Records excerpted from a collection
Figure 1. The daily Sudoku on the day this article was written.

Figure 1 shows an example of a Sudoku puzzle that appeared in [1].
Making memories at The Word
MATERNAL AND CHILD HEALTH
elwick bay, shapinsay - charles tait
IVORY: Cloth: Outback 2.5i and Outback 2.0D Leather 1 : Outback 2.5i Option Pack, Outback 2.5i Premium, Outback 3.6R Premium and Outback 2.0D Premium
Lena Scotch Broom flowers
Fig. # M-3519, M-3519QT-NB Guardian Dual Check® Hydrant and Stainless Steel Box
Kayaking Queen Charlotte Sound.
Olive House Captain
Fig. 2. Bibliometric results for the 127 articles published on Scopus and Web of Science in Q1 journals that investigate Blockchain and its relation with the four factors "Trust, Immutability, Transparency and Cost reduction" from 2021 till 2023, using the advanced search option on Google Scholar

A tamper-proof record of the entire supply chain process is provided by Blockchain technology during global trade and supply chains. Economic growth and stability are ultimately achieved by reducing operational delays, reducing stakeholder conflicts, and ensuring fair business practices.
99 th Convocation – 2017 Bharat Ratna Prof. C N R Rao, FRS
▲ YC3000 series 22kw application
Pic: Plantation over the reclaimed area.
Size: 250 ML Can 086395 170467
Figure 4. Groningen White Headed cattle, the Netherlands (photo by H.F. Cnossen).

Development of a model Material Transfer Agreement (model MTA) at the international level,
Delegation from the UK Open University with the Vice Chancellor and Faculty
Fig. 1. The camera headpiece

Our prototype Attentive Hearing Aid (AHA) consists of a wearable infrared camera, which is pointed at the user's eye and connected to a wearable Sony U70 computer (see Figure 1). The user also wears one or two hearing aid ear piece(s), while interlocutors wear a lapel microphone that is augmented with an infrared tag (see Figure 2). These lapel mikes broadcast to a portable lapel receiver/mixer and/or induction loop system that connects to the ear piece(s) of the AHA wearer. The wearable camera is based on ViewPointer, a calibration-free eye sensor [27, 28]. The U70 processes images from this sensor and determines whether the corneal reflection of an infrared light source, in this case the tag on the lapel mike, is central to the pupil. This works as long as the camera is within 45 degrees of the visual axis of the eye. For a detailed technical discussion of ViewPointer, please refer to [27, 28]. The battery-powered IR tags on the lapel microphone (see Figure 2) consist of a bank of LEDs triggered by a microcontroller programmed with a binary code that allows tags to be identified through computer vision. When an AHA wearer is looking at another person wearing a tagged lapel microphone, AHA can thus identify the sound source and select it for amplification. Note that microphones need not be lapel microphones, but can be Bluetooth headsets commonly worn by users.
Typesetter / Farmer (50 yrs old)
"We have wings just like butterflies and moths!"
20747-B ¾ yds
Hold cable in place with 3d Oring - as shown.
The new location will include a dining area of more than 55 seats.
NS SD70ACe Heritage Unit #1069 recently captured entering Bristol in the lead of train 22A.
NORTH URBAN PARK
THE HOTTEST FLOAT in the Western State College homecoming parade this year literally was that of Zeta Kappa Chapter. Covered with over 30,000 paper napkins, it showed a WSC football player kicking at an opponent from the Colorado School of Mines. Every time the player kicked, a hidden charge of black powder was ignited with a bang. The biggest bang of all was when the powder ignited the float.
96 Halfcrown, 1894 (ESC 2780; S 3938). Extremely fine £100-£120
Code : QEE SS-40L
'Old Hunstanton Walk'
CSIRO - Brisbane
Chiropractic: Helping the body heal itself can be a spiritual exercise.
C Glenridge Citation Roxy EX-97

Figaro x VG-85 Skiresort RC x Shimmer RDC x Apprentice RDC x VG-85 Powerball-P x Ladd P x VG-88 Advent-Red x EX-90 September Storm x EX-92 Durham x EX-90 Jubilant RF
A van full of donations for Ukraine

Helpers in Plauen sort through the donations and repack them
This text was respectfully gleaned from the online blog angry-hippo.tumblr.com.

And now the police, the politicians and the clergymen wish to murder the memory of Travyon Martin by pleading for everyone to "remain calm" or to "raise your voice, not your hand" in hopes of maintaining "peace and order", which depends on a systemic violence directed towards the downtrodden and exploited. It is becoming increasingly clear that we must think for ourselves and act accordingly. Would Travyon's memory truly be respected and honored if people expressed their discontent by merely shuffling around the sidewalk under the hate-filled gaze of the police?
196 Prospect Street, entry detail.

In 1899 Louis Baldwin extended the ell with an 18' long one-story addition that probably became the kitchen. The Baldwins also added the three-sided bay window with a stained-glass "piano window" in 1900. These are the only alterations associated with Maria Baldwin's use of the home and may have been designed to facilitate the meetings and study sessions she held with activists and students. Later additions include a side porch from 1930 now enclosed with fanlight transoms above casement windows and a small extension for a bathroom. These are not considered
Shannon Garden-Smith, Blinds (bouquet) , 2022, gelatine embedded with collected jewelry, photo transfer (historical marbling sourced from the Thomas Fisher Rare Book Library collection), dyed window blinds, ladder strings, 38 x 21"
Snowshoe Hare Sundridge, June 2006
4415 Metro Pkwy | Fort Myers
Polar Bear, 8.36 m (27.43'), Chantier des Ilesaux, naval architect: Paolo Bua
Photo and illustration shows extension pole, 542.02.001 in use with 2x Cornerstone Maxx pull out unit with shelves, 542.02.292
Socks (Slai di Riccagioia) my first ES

Work item.
An exact reproduction of all the entries above is the expected answer.

Answer to this task.
Figure 1. The daily Sudoku on the day this article was written.

Figure 1 shows an example of a Sudoku puzzle that appeared in [1].
Making memories at The Word
MATERNAL AND CHILD HEALTH
elwick bay, shapinsay - charles tait
IVORY: Cloth: Outback 2.5i and Outback 2.0D Leather 1 : Outback 2.5i Option Pack, Outback 2.5i Premium, Outback 3.6R Premium and Outback 2.0D Premium
Lena Scotch Broom flowers
Fig. # M-3519, M-3519QT-NB Guardian Dual Check® Hydrant and Stainless Steel Box
Kayaking Queen Charlotte Sound.
Olive House Captain
Fig. 2. Bibliometric results for the 127 articles published on Scopus and Web of Science in Q1 journals that investigate Blockchain and its relation with the four factors "Trust, Immutability, Transparency and Cost reduction" from 2021 till 2023, using the advanced search option on Google Scholar

A tamper-proof record of the entire supply chain process is provided by Blockchain technology during global trade and supply chains. Economic growth and stability are ultimately achieved by reducing operational delays, reducing stakeholder conflicts, and ensuring fair business practices.
99 th Convocation – 2017 Bharat Ratna Prof. C N R Rao, FRS
▲ YC3000 series 22kw application
Pic: Plantation over the reclaimed area.
Size: 250 ML Can 086395 170467
Figure 4. Groningen White Headed cattle, the Netherlands (photo by H.F. Cnossen).

Development of a model Material Transfer Agreement (model MTA) at the international level,
Delegation from the UK Open University with the Vice Chancellor and Faculty
Fig. 1. The camera headpiece

Our prototype Attentive Hearing Aid (AHA) consists of a wearable infrared camera, which is pointed at the user's eye and connected to a wearable Sony U70 computer (see Figure 1). The user also wears one or two hearing aid ear piece(s), while interlocutors wear a lapel microphone that is augmented with an infrared tag (see Figure 2). These lapel mikes broadcast to a portable lapel receiver/mixer and/or induction loop system that connects to the ear piece(s) of the AHA wearer. The wearable camera is based on ViewPointer, a calibration-free eye sensor [27, 28]. The U70 processes images from this sensor and determines whether the corneal reflection of an infrared light source, in this case the tag on the lapel mike, is central to the pupil. This works as long as the camera is within 45 degrees of the visual axis of the eye. For a detailed technical discussion of ViewPointer, please refer to [27, 28]. The battery-powered IR tags on the lapel microphone (see Figure 2) consist of a bank of LEDs triggered by a microcontroller programmed with a binary code that allows tags to be identified through computer vision. When an AHA wearer is looking at another person wearing a tagged lapel microphone, AHA can thus identify the sound source and select it for amplification. Note that microphones need not be lapel microphones, but can be Bluetooth headsets commonly worn by users.
Typesetter / Farmer (50 yrs old)
"We have wings just like butterflies and moths!"
20747-B ¾ yds
Hold cable in place with 3d Oring - as shown.
The new location will include a dining area of more than 55 seats.
NS SD70ACe Heritage Unit #1069 recently captured entering Bristol in the lead of train 22A.
NORTH URBAN PARK
THE HOTTEST FLOAT in the Western State College homecoming parade this year literally was that of Zeta Kappa Chapter. Covered with over 30,000 paper napkins, it showed a WSC football player kicking at an opponent from the Colorado School of Mines. Every time the player kicked, a hidden charge of black powder was ignited with a bang. The biggest bang of all was when the powder ignited the float.
96 Halfcrown, 1894 (ESC 2780; S 3938). Extremely fine £100-£120
Code : QEE SS-40L
'Old Hunstanton Walk'
CSIRO - Brisbane
Chiropractic: Helping the body heal itself can be a spiritual exercise.
C Glenridge Citation Roxy EX-97

Figaro x VG-85 Skiresort RC x Shimmer RDC x Apprentice RDC x VG-85 Powerball-P x Ladd P x VG-88 Advent-Red x EX-90 September Storm x EX-92 Durham x EX-90 Jubilant RF
A van full of donations for Ukraine

Helpers in Plauen sort through the donations and repack them
This text was respectfully gleaned from the online blog angry-hippo.tumblr.com.

And now the police, the politicians and the clergymen wish to murder the memory of Travyon Martin by pleading for everyone to "remain calm" or to "raise your voice, not your hand" in hopes of maintaining "peace and order", which depends on a systemic violence directed towards the downtrodden and exploited. It is becoming increasingly clear that we must think for ourselves and act accordingly. Would Travyon's memory truly be respected and honored if people expressed their discontent by merely shuffling around the sidewalk under the hate-filled gaze of the police?
196 Prospect Street, entry detail.

In 1899 Louis Baldwin extended the ell with an 18' long one-story addition that probably became the kitchen. The Baldwins also added the three-sided bay window with a stained-glass "piano window" in 1900. These are the only alterations associated with Maria Baldwin's use of the home and may have been designed to facilitate the meetings and study sessions she held with activists and students. Later additions include a side porch from 1930 now enclosed with fanlight transoms above casement windows and a small extension for a bathroom. These are not considered
Shannon Garden-Smith, Blinds (bouquet) , 2022, gelatine embedded with collected jewelry, photo transfer (historical marbling sourced from the Thomas Fisher Rare Book Library collection), dyed window blinds, ladder strings, 38 x 21"
Snowshoe Hare Sundridge, June 2006
4415 Metro Pkwy | Fort Myers
Polar Bear, 8.36 m (27.43'), Chantier des Ilesaux, naval architect: Paolo Bua
Photo and illustration shows extension pole, 542.02.001 in use with 2x Cornerstone Maxx pull out unit with shelves, 542.02.292
Socks (Slai di Riccagioia) my first ES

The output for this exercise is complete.